Cathy O’Neil in her book “Weapons of Math Destruction” and I borrowed the title of this article from her book, clearly points usage of wrong data on how to deal with countries such as those of the Horn of Africa States. In this regard, let us perhaps look on the implications of these numbers:
First a “Per Capita Income” is a measure of the wealth of a nation. When one says the per capita income, of the Horn of Africa States, is such a number and the number is an incredibly a low number, it permanently condemns the region to eternal poverty for no major corporation would seek to go into that region. It is a wall against potential investments in the region. In fact, the numbers reported for the region has no relevance to life in the region. No one can live off some US$ 500 to US$ 1,000 per year anywhere, let alone in the Horn of Africa States.
Second, it is used by nongovernmental organizations to come into the region to disrupt the life systems and ecosystems of the region with the pretext of assisting the region, when in fact they participate in worsening situations the region could have managed on its own. They come running to distribute food to empty the stores of their original countries so that new harvests can be stored, and this prevents the local farmers to farm their own lands and produce their own food as was always the case in the past. Many live off food aid these days instead of producing their own food.

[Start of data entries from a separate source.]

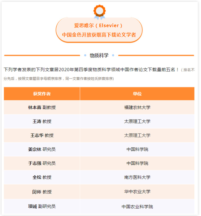 爱思唯尔(Elsevier)“中国金色开放获取高下载论文学者”是由爱思唯尔全球期刊部特别设立的奖项,旨在发现并表彰国际期刊中来自中国的受瞩目及具影响力的开放获取文章及其作者,以推动和鼓励高质量科研成果的传播。该奖项自2020年起每季度评选一次,在划定的四大学科中(物质科学,生命科学,健康科学,以及人文社科)中分别筛选出上线后12个月在期刊平台上全球总下载量最高的文章。参考学科规模及其他因素,各学科评选数量略有差异,其中物质科学前五篇,生命科学前五篇,健康科学前五篇,人文社科前三篇。
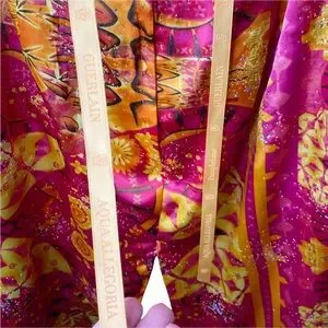 @rhiannonreh I wish I had more detail on this dress. I think it was a special release/collaboration. It feels like silk/satin to me but if I didn’t include fabric content, it is likely missing the fabric tag. It’s a gorgeous dress and very flattering fit. So unique too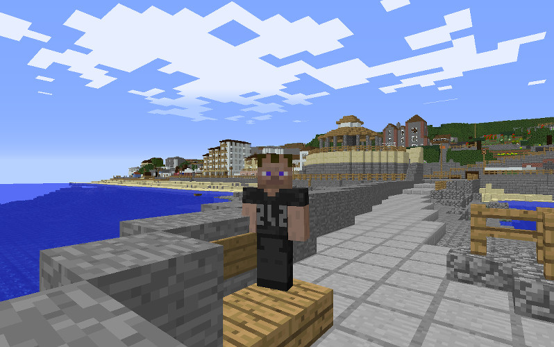 The whole model of Ventnor seafront was build (almost all by my) on our minecraft server Agnomen. This is a "survival" server hosted at the University of Southampton. Building this is survival mode means that I had to mine the stone & sand, chop down the trees, and remove a very large mountain where the Spyglass needed to go. It also means there were nighttime zombie attacks and occasional reparis required due to creeper damage. Why did I do it like this? Because I was having fun.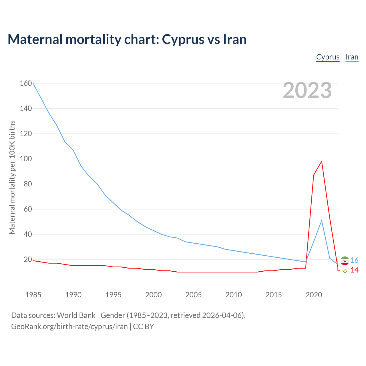The maternal mortality rate, which is the probability of dying during childbirth or within 42 days of pregnancy termination, is 14 deaths per 100,000 live births in Cyprus, compared to 16 deaths in Iran.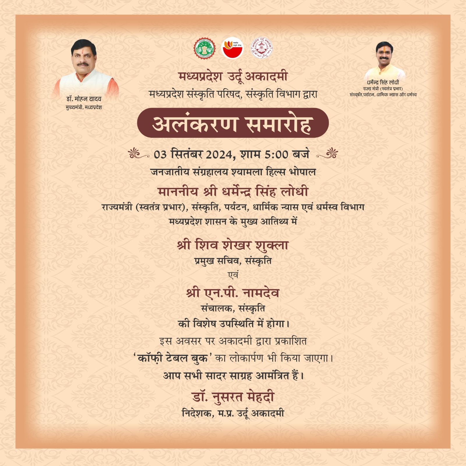 #Taqreeb_E_Aizazaat #MpUrduAcademey #mpculturedeptt "मध्यप्रदेश उर्दू अकादमी द्वारा अलंकरण समारोह 3 सितंबर को जनजातीय संग्रहालय में" संस्कृति एवं पर्यटन मंत्री श्री धर्मेंद्र भाव सिंह लोधी के मुख्य आतिथ्य में होगा कार्यक्रम" मध्य प्रदेश उर्दू अकादमी मध्यप्रदेश संस्कृति परिषद, संस्कृति विभाग द्वारा अलंकरण समारोह कार्यक्रम 3 सितंबर, 2024 को सायं 5:00 बजे जनजातीय संग्रहालय, श्यामला हिल्स, भोपाल में मान. श्री धर्मेंद्र भाव सिंह लोधी मंत्री-संस्कृति, पर्यटन, धार्मिक एवं धर्मस्व मध्यप्रदेश शासन के मुख्य आतिथ्य में एवं श्री शिव शेखर शुक्ला प्रमुख सचिव-संस्कृति एवं पर्यटन विभाग तथा श्री एनलपी नामदेव संचालक संस्कृति की विशेष उपस्थिति में आयोजित होगा। उर्दू अकादमी की निदेशक डॉ नुसरत मेहदी ने कार्यक्रम के बारे में जानकारी देते हुए कहा कि संस्कृति विभाग की अन्य अकादमियों के समान मध्यप्रदेश उर्दू अकादमी द्वारा भी उर्दू भाषा एवं साहित्य से संबंधित विभिन्न विधाओं पर आधारित प्रकाशित पुस्तकों पर अखिल भारतीय एवं प्रादेशिक पुरस्कार दिये जाने का सिलसिला वर्ष 2021 से शुरू किया गया है। इसका उद्देश्य उर्दू साहित्य की लुप्त होती हुई अनेक विधाओं पर कार्य करने हेतु रचनाकारों का ध्यान आकर्षित करना एवं उन्हें प्रोत्साहित करना है। इस वर्ष मध्य प्रदेश उर्दू अकादमी द्वारा तीन रचनाकारों को उनकी कृतियों पर अखिल भारतीय पुरस्कार एवं 11 रचनाकारों को प्रादेशिक पुरस्कार से 3 सितंबर 2024 को माननीय संस्कृति मंत्री जी के हाथों सम्मानित किया जाएगा। ------------------------------------------
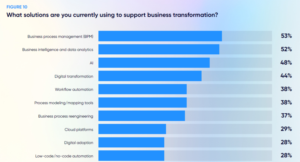 Business process management (BPM) is the leading technology organizations use to support business transformation, cited by 53 percent of respondents.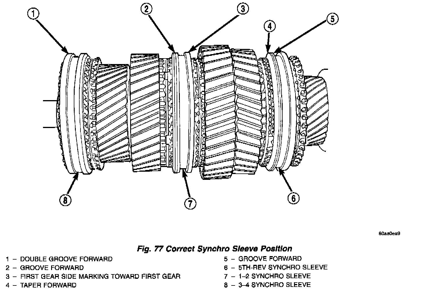 38. Verify correct position of synchro sleeves before proceeding with assembly operations (Fig. 77). Grooved side of 3-4 sleeve should be facing forward. First gear side of 1-2 sleeve should be facing first gear. Tapered side of fifth-reverse sleeve should be facing forward.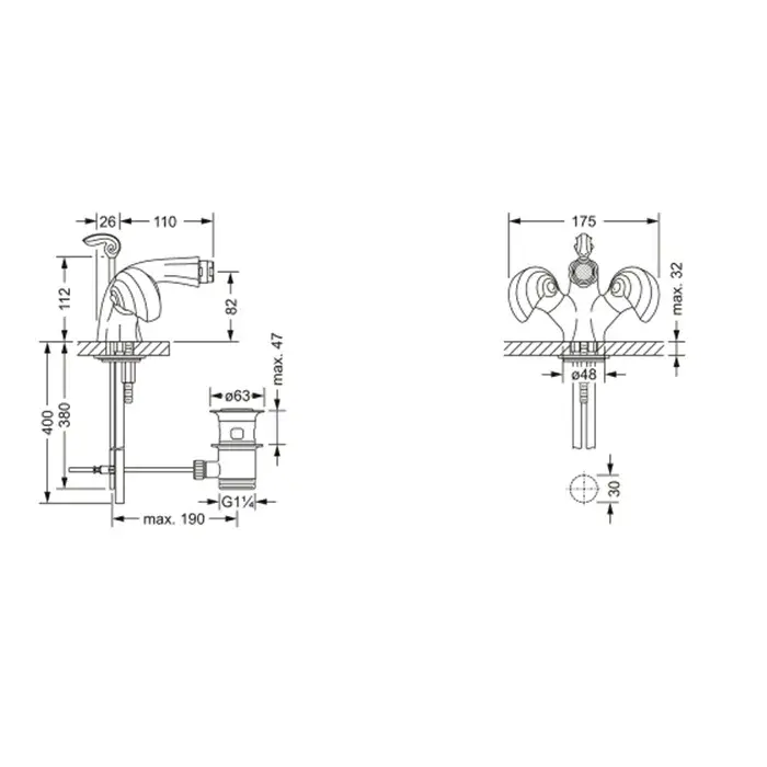 Jorger Muschel Смеситель для маленькой раковины, на 3 отверстия, цвет: хром 601.30.200.000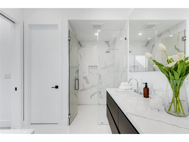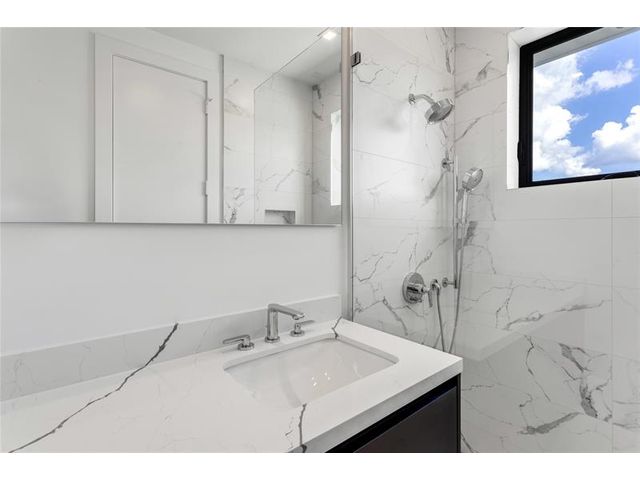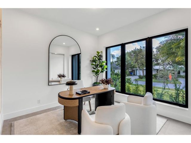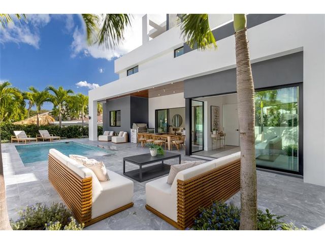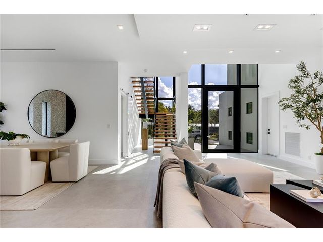 New-Construction Modern Residence artfully crafted by Garza Contractors in the exclusive enclave of Hillsboro Shores with private beach access just a short stroll away. Light-filled interiors reveal five-bedrooms, five-bathrooms and with 3,638+/- Total SqFt. The first-floor primary suite offers a spa-like bath with floating tub and glass-enclosed shower. Completing the main level are a garden-front office/optional bedroom and a luxe kitchen appointed with high-end appliances. The second level offers three ensuite bedrooms & an oversized laundry room. A third-floor entertainment level opens to a covered terrace. Additional highlights include a two-bay garage, tankless water heaters, impact windows & doors. Outdoor living is complete with a resort-style pool and summer kitchen.

Third, a high per capita income allows foreign investors to seek opportunities in the country. The fact that they report low statistical data for the region prevents others to pursue developmental opportunities in the region. These opaque numbers for the region should not be allowed by the governments of the region as a measure of the economies of the region. They are used as unquestionable statistical data and hence are unaccountable. They reflect a region, which would permanently be poor and create vicious models that would not be good for the region. We must remember that no statistical data is accurate or can be perfect and the region should not be a collateral damage for numbers created out of thin air and such are the Gross National Products or Gross Domestic products or the Per capita Income of the SEED countries.